Etyen yanılıyor, Agos sadece Agos; Toplumsal hafızamızı yara yara açılan bir çamurlu yol!
+++++
Gözün doysun
Eleştiri oburu
Ahmet Altan, “Bizim ülkemizde eleştirilemeyen tek bir yapı vardır. Ordu.” diye yazmış.
Başkalarına belki de, Taraf gibi 1. sayfasını, anladığım kadarıyla, ebedi olarak ordu yıpratma kampanyasına “rezerve” etmiş bir gazeteyi yöneten Altan’a yakışmamış bu satırlar. Eleştirmenin de ötesine geçtiniz, bir yaptırımla mı karşılaştınız. Siz de iktidar gibisiniz “durmak yok yola devam”. Daha neden yakınıyor
+++++
Ödüllü soru:
Türkiye’de MKYK’sı, Başkanlık Divanı, Taşra teşkilatları “yetkin” olan parti hangisidir?
(Nasılsa cevabı yok)
İlle de benim olsun
Rahşan Ecevit kızdı, DSP Genel Başkanı Sezer’in değiştirilmesini istedi.. Oran darbesinin düğmesine bastı..
Rahşan Ecevit kim?
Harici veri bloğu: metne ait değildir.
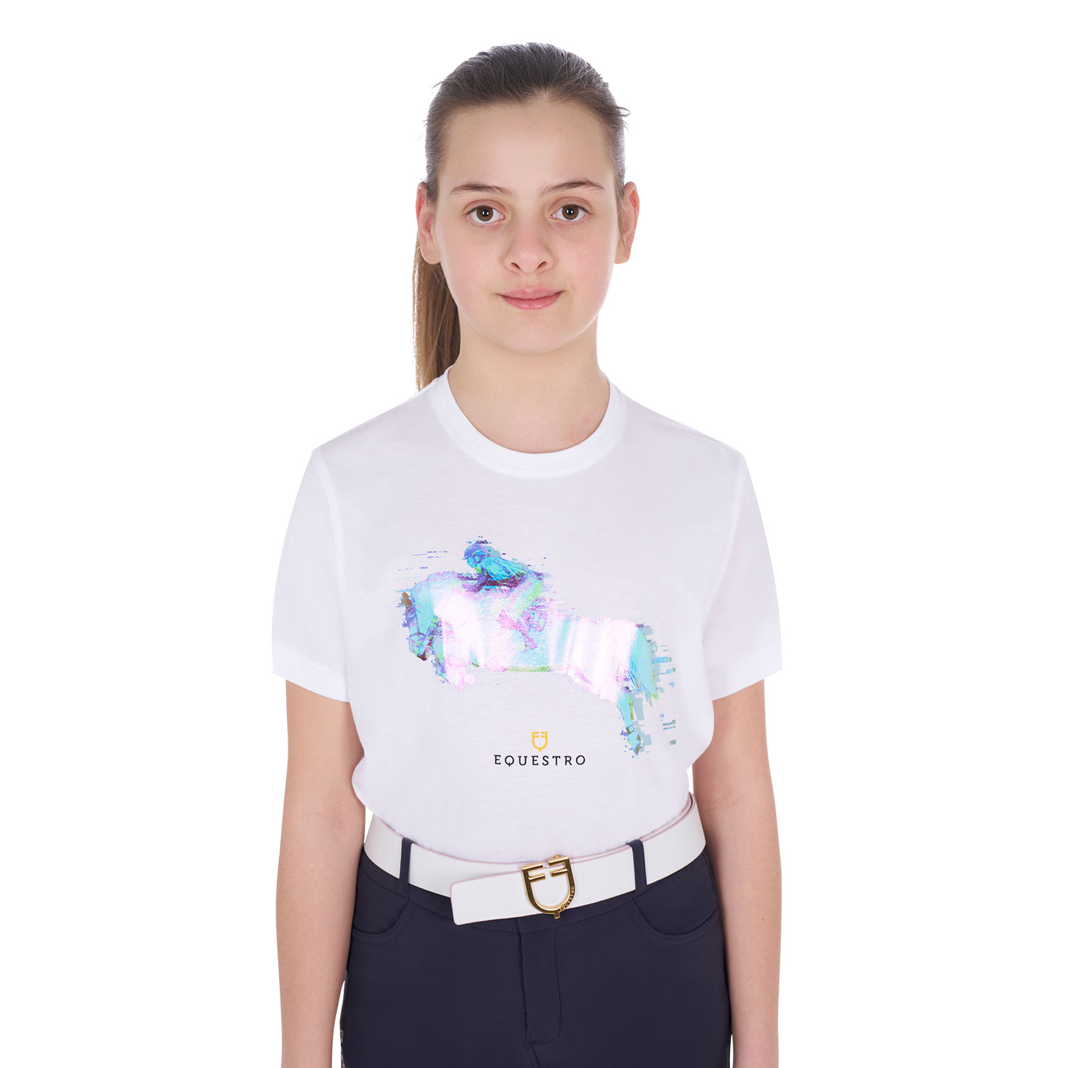 This slim fit t-shirt for girls is made with high quality soft cotton, ensuring freedom of movement and exceptional comfort. Thanks to its ability to absorb moisture, it is ideal for those who practice horse riding. Its distinctive feature is a multicolored print that portrays a rider and a horse in full jump, further enriched by the Equestro logo and writing. The composition of the fabric gives an elegant texture and an extraordinary sensation of softness to the touch, ensuring unparalleled comfort.

DSP’nin kurucusu.. Bülent Ecevit’in eşi..
DSP ne? Kendi malı.. Sezer’i başa ben getirdim, ben indiririm diye düşünüyor.. Şirket patronu gibi; genel müdürü atarım, beğenmezsem görevden alırım..
Peki partinin yetkili kurulları, delegeleri, milletvekilleri ne?
* Mehmet Tezkan/Vatan
+++++
MİNİ YORUM
Taraf’ta kâhinden şüpheleniyorum
Bugün ortak manşet Yargıtay Cumhuriyet Başsavcısı Yalçınkaya’nın, Anayasa Mahkemesi’ndeki sözlü açıklamaları olacaktı. Rüştü’yü kıskandıracak bir zamanlama ile topa çıkıldı ve Ergenekon yine 1. sayfalık oldu. ’Ben yazarken sayısı 24’tü’; sözleriyle gündemi ve kitleleri etkileyen yeni isimler gözaltına alındı. Baskı saatine kadar ortalıkta “serbest” gazeteci kalır mı kestiremiyorum. Ama dün onca serbest gazeteciyi yine(!) atlatıp, Özel Harp Dairesi’ni işaret eden “Ergenekon” manşetiyle sürpriz gündemi ’bir gün önceden öngören’ Taraf’ı kutluyorum(!)